To be sure, I don’t think much of Twitter or its addicted twits. But other data streams, with more detail and context, can be really useful. Especially if one were suspicious of the honesty, competence, and motives of the “sources of news”. Comments like those mentioned in Chef Mojo’s 0830 update here are especially informative.
As usual, apply skepticism to everything you read. For all you know, “Yeny Gregorio Dávila” is an Al Qaeda sympathizer posting from London. On the other hand, for all you know, the published WHO and CDC data are cooked “for our own good”, to reduce panic.


I’m not panicking over the swine flu itself. But I’m not very sanguine about the ability of our government to handle it if it does turn bad.
Twitter is just a form of conversation and society.

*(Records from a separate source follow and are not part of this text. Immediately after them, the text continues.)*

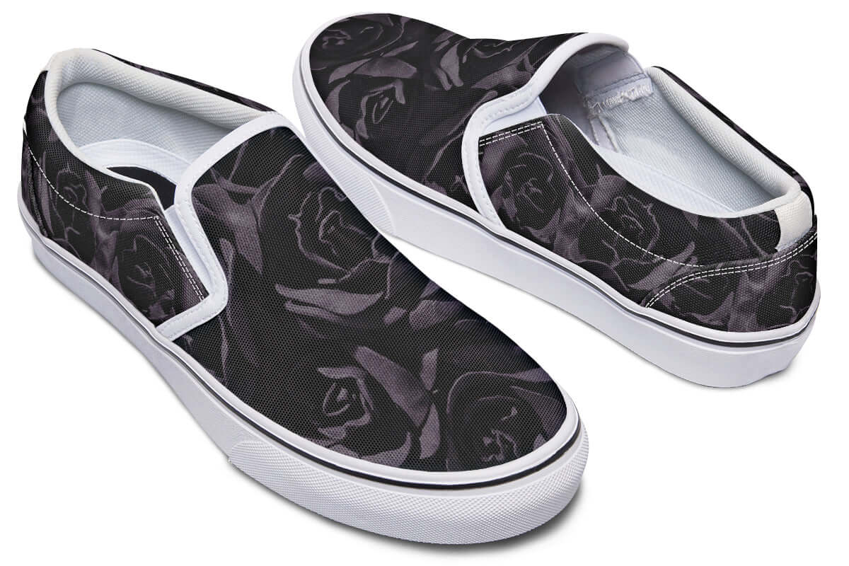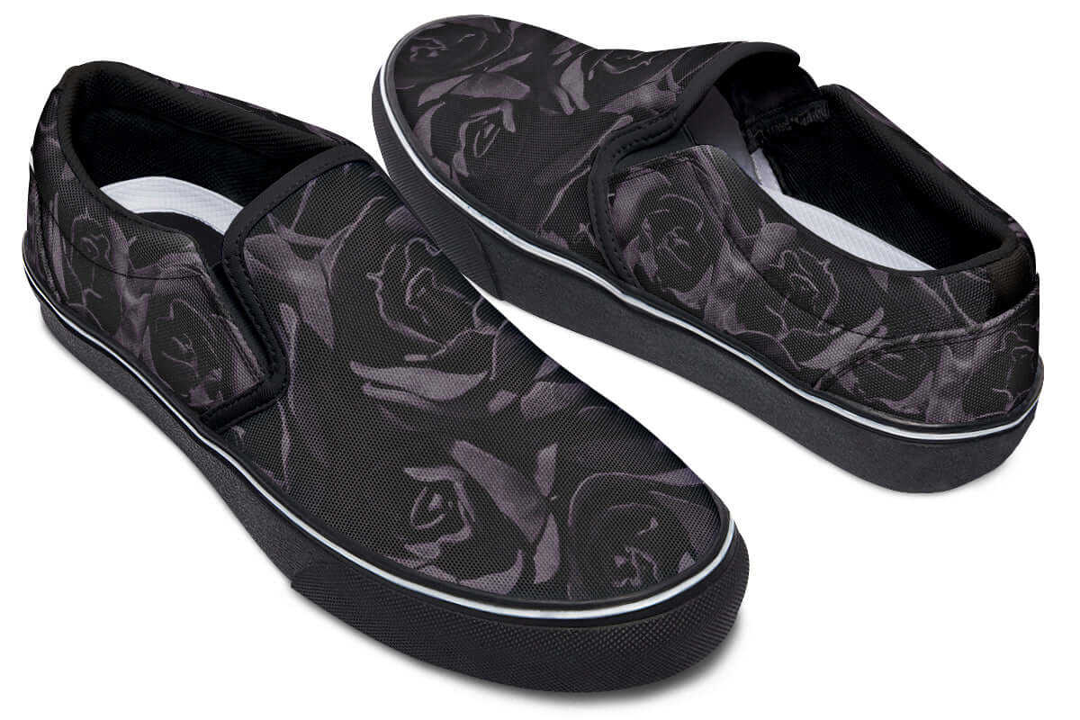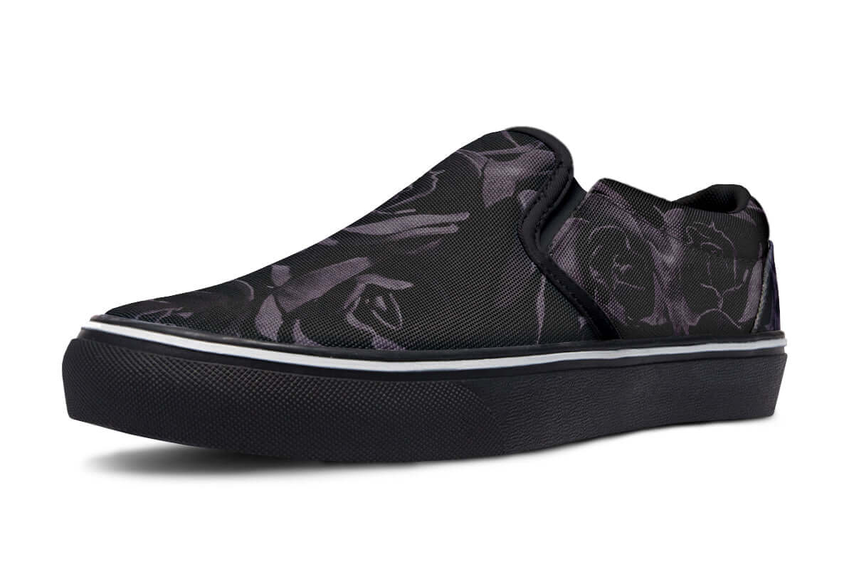 These Blackest Roses Slip-On Shoes blend laid-back comfort with moody romanticism. Featuring Kate’s black-on-black rose artwork, these gothic slip-ons are subtle yet striking — perfect for casual days with a dark twist.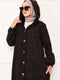 عباءة مزخرفة كاملة الطول مزودة بأزرار على طراز كاشي كاب – أسود-فوزون
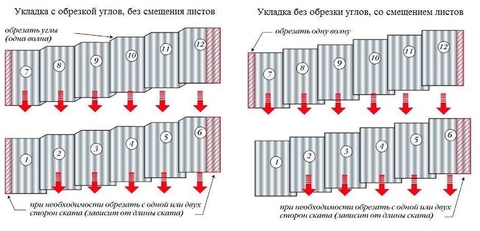 5. Правильный нахлест шиферных листов выглядит следующим образом: крайняя волна у одного листа должна накрываться последней волной последующего.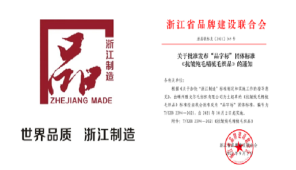 雅戈尔毛纺制定的《抗皱纯毛精梳毛织品》 “浙江制造”团体标准,通过了浙江省品牌建设联合会审批,自2021年10月2日起发布实施。

Was conversation so much brighter and knowledgeable when it wasn’t afforded such technological avenues?
Others have noticed the signal-to-noise ratio.
Twitter - is that where a bunch of twits go online together?
Who thought of that name. One of my first reactions was a bunch of adolescents making giggling noises mooning over a teen idol.
“The girls could be heard twittering amongst themselves while leafing though the latest issue of TigerBeat”.